This patch also adds a few testcases to check both (i) that the optimization works as expected and (ii) that the result are correct. It also define new effective targets (bswap16, bswap32 and bswap64) to centralize the information about what target supports  byte swap instructions for the testsuite and modify existing tests to use these new effective targets.

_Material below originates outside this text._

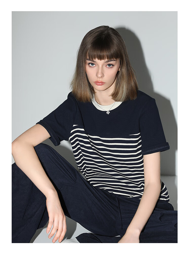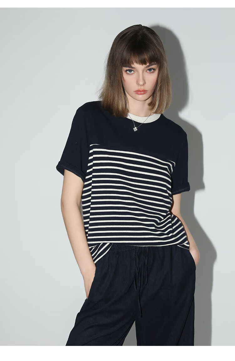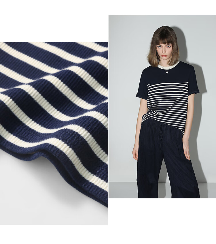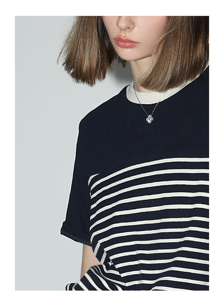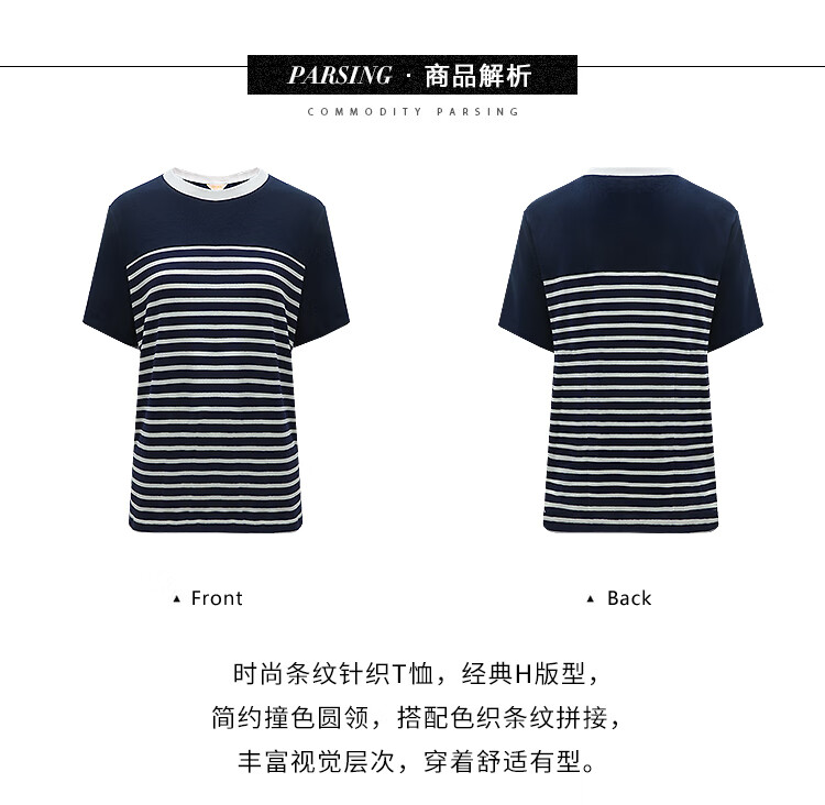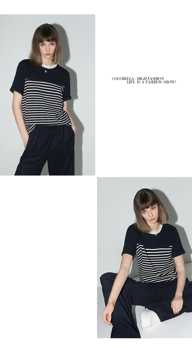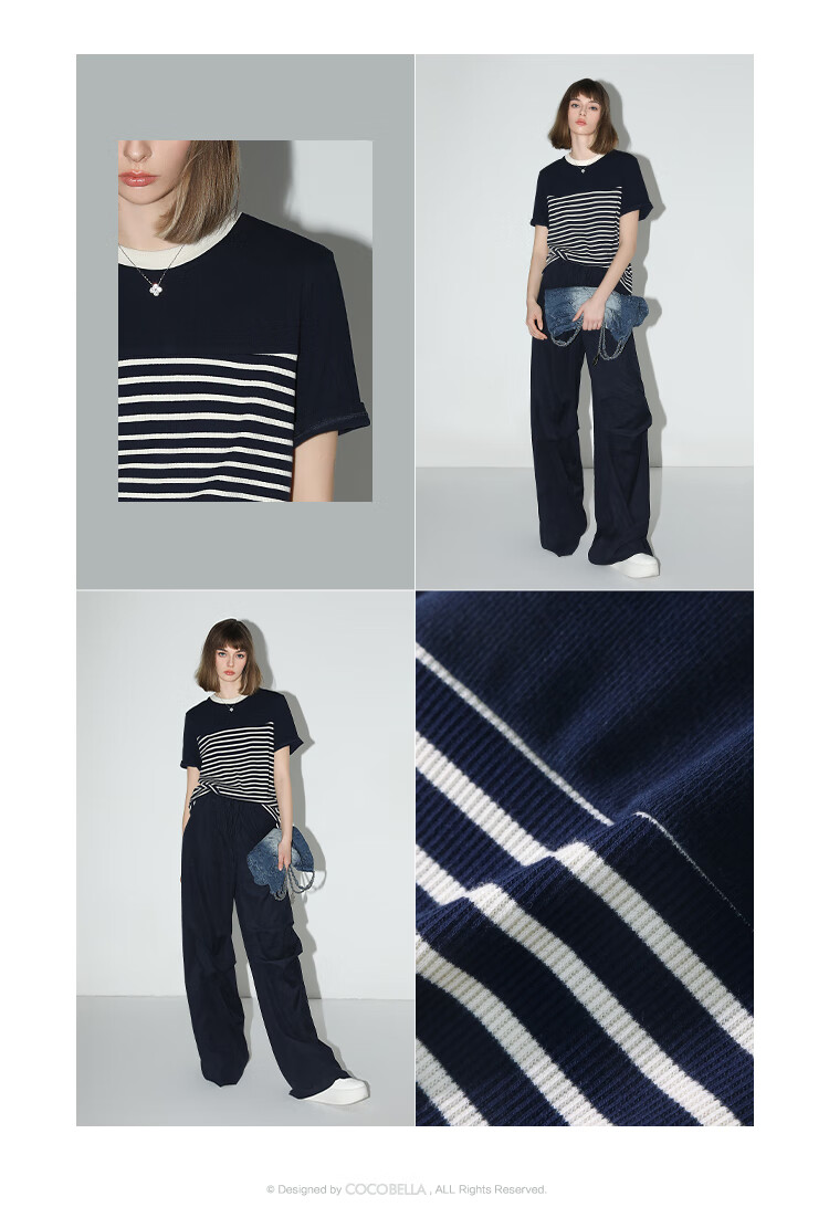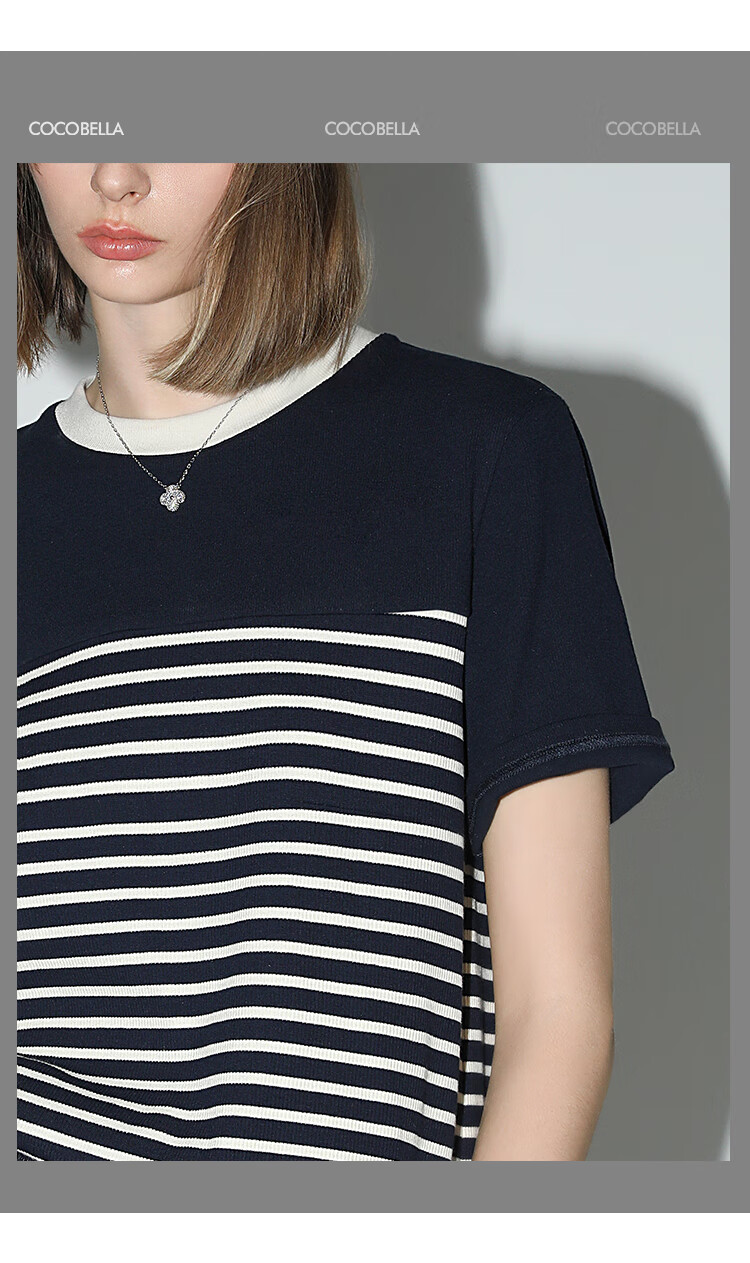 【秒杀】COCOBELLA软糯细针多色条纹针织短袖T恤夏撞色拼接上衣TS7022

The patch is quite big but could be split if necessary. A big part of the code added is for handling memory source and it would be difficult to split it but variable renaming and introduction of bwapXX effective target could be made separately to reduce the noise. The patch is too big so is only in attachment of this email.

The ChangeLog are as follows:

*** gcc/ChangeLog ***

2014-03-19  Thomas Preud'homme  <thomas.preudhomme@arm.com>

	PR tree-optimization/54733
	* tree-ssa-math-opts.c (find_bswap_1): Renamed to ...
	(find_bswap_or_nop_1): This. Also add support for memory source.
	(find_bswap): Renamed to ...
	(find_bswap_or_nop): This. Also add support for memory source and
	detection of noop bitwise operations.
	(execute_optimize_bswap): Likewise.

*** gcc/testsuite/ChangeLog ***

2014-03-19  Thomas Preud'homme  <thomas.preudhomme@arm.com>

	PR tree-optimization/54733
	* lib/target-supports.exp: New effective targets for architectures
	capable of performing byte swap.
	* gcc.dg/optimize-bswapdi-1.c: Convert to new bswap target.
	* gcc.dg/optimize-bswapdi-2.c: Likewise.
	* gcc.dg/optimize-bswapsi-1.c: Likewise.
	* gcc.dg/optimize-bswapdi-3.c: New test to check extension of bswap
	optimization to support memory sources.
	* gcc.dg/optimize-bswaphi-1.c: Likewise.
	* gcc.dg/optimize-bswapsi-2.c: Likewise.
	* gcc.c-torture/execute/bswap-2.c: Likewise.

Is this ok for stage 1?

Best regards,

Thomas

[-- Attachment #2: gcc32rm-84.3.diff --]
[-- Type: application/octet-stream, Size: 26868 bytes --]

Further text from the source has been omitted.